First, a large-scale real-world study, published in Nature Medicine, analysed the cases of over 54,000 Japanese patients who underwent comprehensive genomic profiling (CGP). The findings are striking: despite 72.7% of patients carrying actionable mutations, only 8% received CGP-guided therapy to improve their outcome. While molecular profiling identifies what is there, it alone does not determine what to do about it or when.
Secondly, GRAIL's Galleri multi-cancer early detection test, which has long been heralded as a paradigm shift, has struggled to demonstrate a meaningful impact on patient outcomes in large-scale trials. Simply detecting a signal in the blood is not sufficient to change the course of cancer. The next steps remain unanswered by detection alone: which treatment, for how long, and what evidence will guide it.
These data do not diminish the value of cancer genomics or of the early detection provided by liquid biopsies. Rather, they highlight the key question: what type of liquid biopsy information actually influences clinical decisions and improves patient outcomes?
The answer is becoming clear: It is important to add longitudinal information, such as minimal residual disease (MRD). This month's newsletter focuses on a compelling example of this: the IMvigor011 trial in muscle-invasive bladder cancer (MIBC). For the first time in a solid tumour, a randomised phase III trial has demonstrated that using a liquid biopsy to detect circulating tumour DNA (ctDNA) for MRD testing can determine which patients require immunotherapy and which can be spared this treatment. This benefit is real, statistically significant, and clinically meaningful.
This is precisely the area in which LIQOMICS specialises. LymphoVista and CancerVista are more than just screening tools for genetic changes in cancer. They are instruments that guide therapy, providing real-time, non-invasive insights into tumour biology. This enables clinicians to personalise treatment, minimise unnecessary interventions, and protect patients from unnecessary therapies.

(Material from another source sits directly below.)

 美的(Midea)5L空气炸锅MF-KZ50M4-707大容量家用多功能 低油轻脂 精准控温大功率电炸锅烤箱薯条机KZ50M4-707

We believe that the IMvigor011 data will be a landmark and accelerate the adoption of ctDNA-MRD across oncology. You can find a rich evidence base for more than 20 cancer types at www.liquidbiopsyinfo.com.

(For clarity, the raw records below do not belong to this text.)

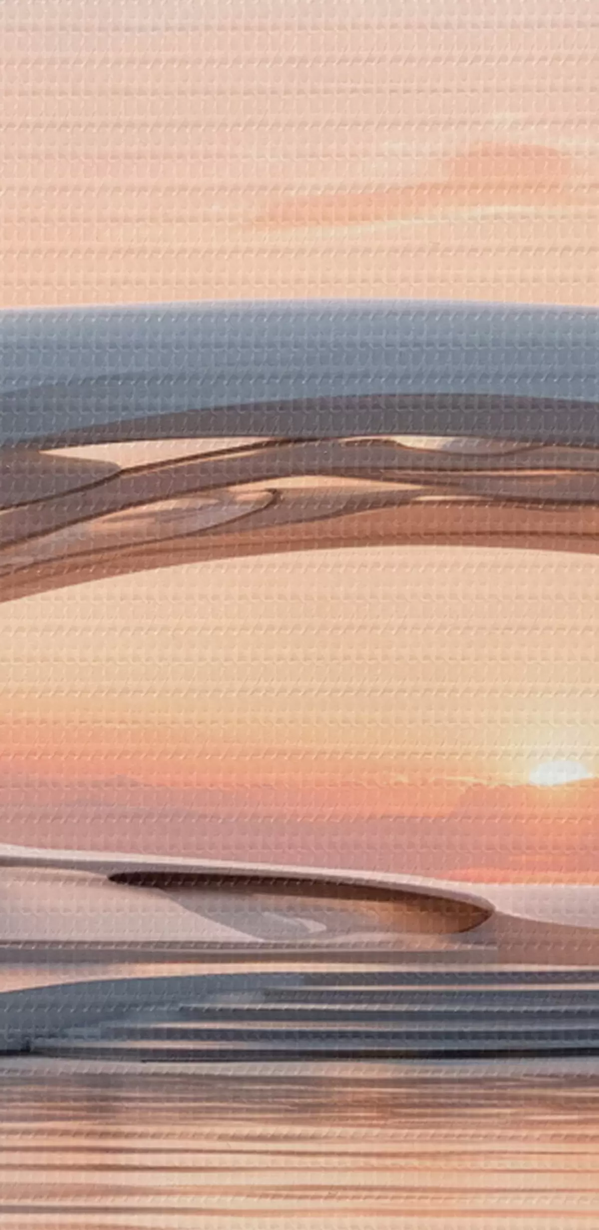carta da parati Edificio futuristico sull'acqua contro un tramonto rosa nr. s44884
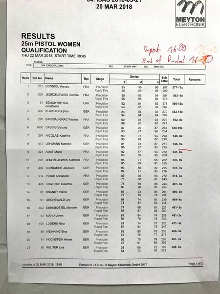 Morgen am 23. März findet dann Mixed statt, aber ohne Lisa und Lea. Samstag, den 24. März steht dann noch Luftpistole für alle Mädels an.
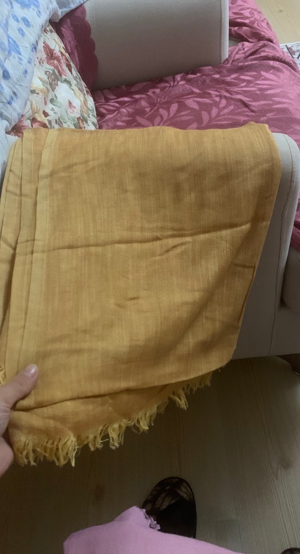 Camel renkli kadın keten şal, yumuşak kumaştan ve drapeli stilde. Parlak görünümü ve püsküllü kenarlarıyla bohem tarzı yansıtıyor.
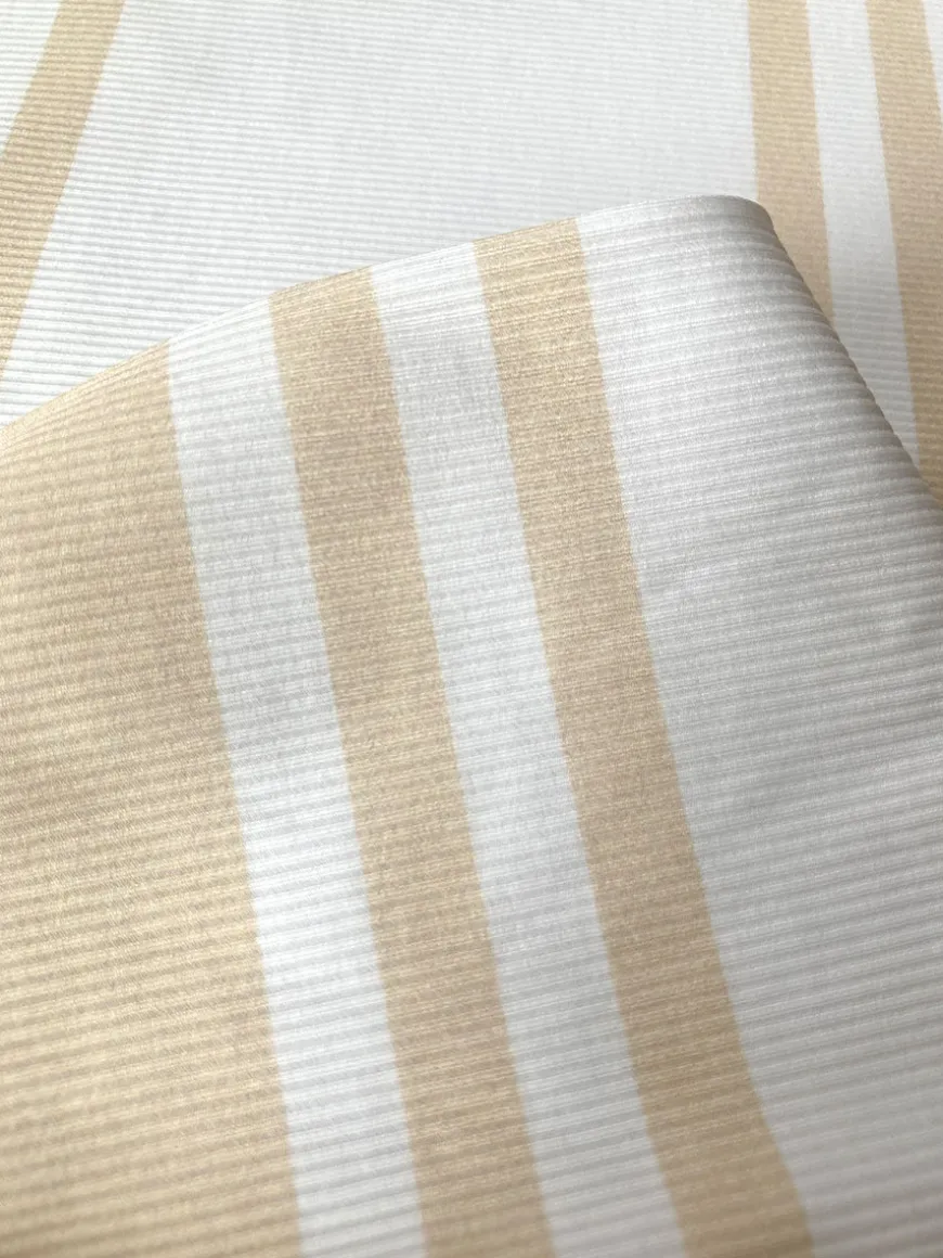 The Ayele Cappuchino Swim Collection is a new take on natural swim, features bold stripe pattern in subtle neutral tan color on classic white ribbed ground

We look forward to hearing your thoughts and continuing this conversation with you.
Warm regards,
Sven Borchmann MD, PHD, LIQOMICS founder and Managing Director
ctDNA-MRD Guides Treatment Decisions in Bladder Cancer: A Landmark Phase III Trial
Sven Borchmann MD, PHD, LIQOMICS explains the background and significance of IMvigor011. It is the first randomised trial to prove that circulating tumour DNA (ctDNA)-minimal residual disease (MRD) can inform treatment decisions in solid tumours.
What is Muscle-Invasive Bladder Cancer, and Why Does Treatment Guidance Matter?

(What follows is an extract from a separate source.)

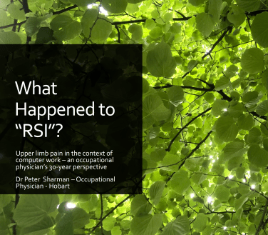 My (obviously anecdotal) experience is that many workers with computer associated chronic pain do not make claims because of the associated stigma of these disorders. While the official statistics that include this subject suggest only 5-10% (or 20% in office-workers) of work-related MSDS’s are due to ‘repetitive movement, with low muscle loading’, the lack of a category for specific computer-associated disorders, limited reporting and inordinate levels of disability often affecting young workers, suggests this area is receiving less attention that might be warranted in terms of real impact on workers and their work capacity.

Each year, muscle-invasive bladder cancer (MIBC) affects approximately 170,000 patients worldwide. Despite receiving curative treatment, a significant proportion of patients relapse within two years. For decades, it has not been possible to predict which patients will ultimately relapse after curative-intent chemotherapy and which will not. Clinicians have had no reliable way of identifying those who harbour residual microscopic disease and truly need adjuvant therapy.
Adjuvant immunotherapy with checkpoint inhibitors (ICIs) is effective for some patients, but giving it to all post-surgical patients would expose many to potential toxicity without any benefit and burden health care systems with unnecessary costs. The key clinical question is: who actually has remaining cancer cells after surgery, and who has already been cured?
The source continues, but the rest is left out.